• **Directions**: A word-for-word copy of the listing is required, and it must contain no pictures.

• **Available data**:
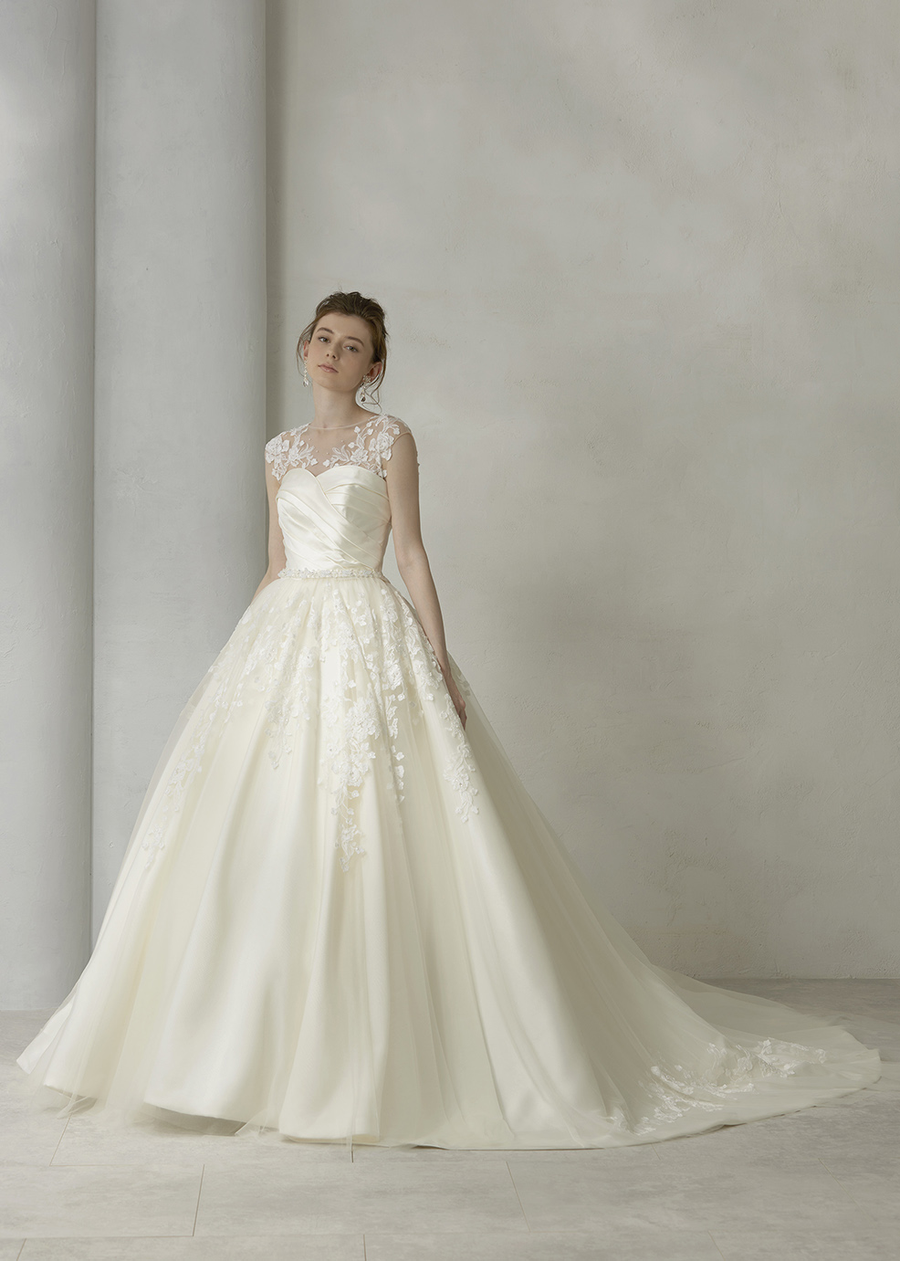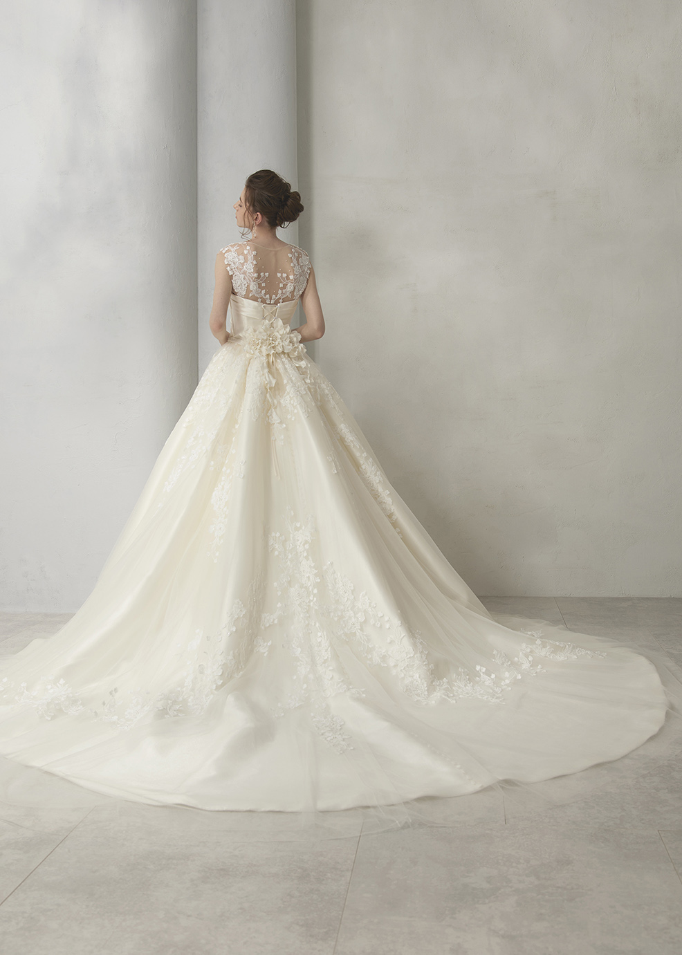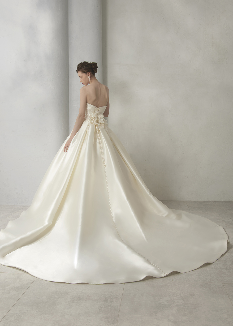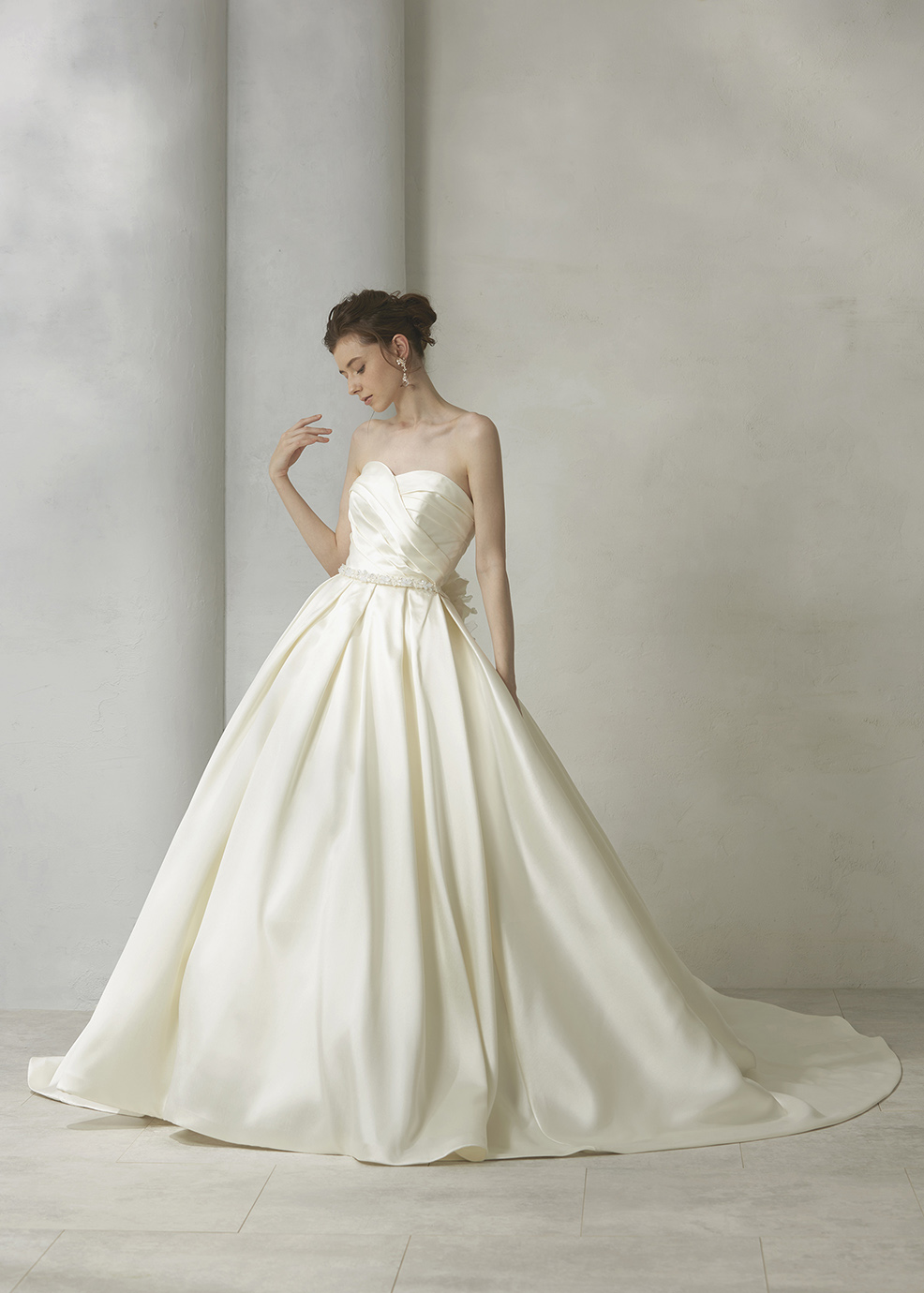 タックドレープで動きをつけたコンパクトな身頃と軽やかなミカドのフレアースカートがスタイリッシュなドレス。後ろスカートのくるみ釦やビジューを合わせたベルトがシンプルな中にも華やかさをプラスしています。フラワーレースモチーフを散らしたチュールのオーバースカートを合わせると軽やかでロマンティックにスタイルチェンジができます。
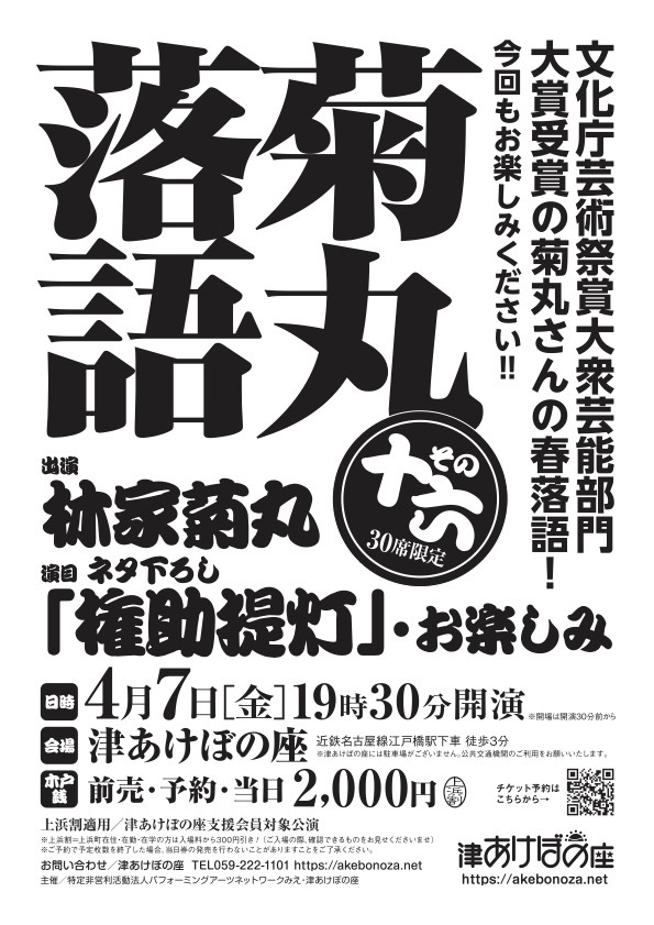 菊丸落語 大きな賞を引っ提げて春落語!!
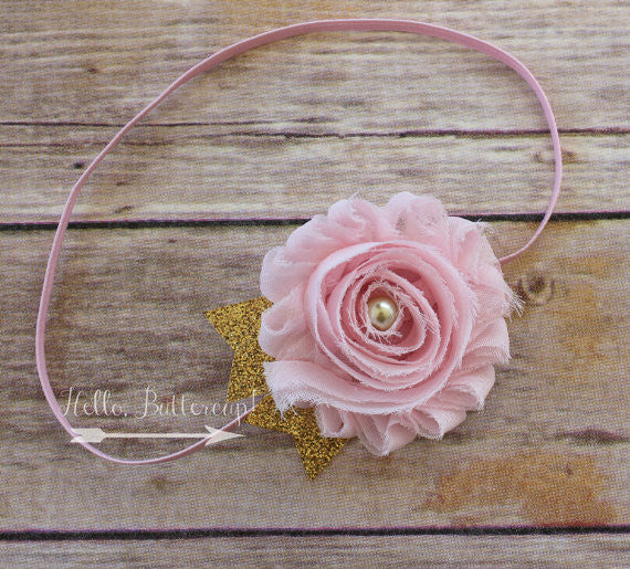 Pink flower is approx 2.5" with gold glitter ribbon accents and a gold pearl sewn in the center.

• **Reply to the exercise**:
 タックドレープで動きをつけたコンパクトな身頃と軽やかなミカドのフレアースカートがスタイリッシュなドレス。後ろスカートのくるみ釦やビジューを合わせたベルトがシンプルな中にも華やかさをプラスしています。フラワーレースモチーフを散らしたチュールのオーバースカートを合わせると軽やかでロマンティックにスタイルチェンジができます。
 菊丸落語 大きな賞を引っ提げて春落語!!
 Pink flower is approx 2.5" with gold glitter ribbon accents and a gold pearl sewn in the center.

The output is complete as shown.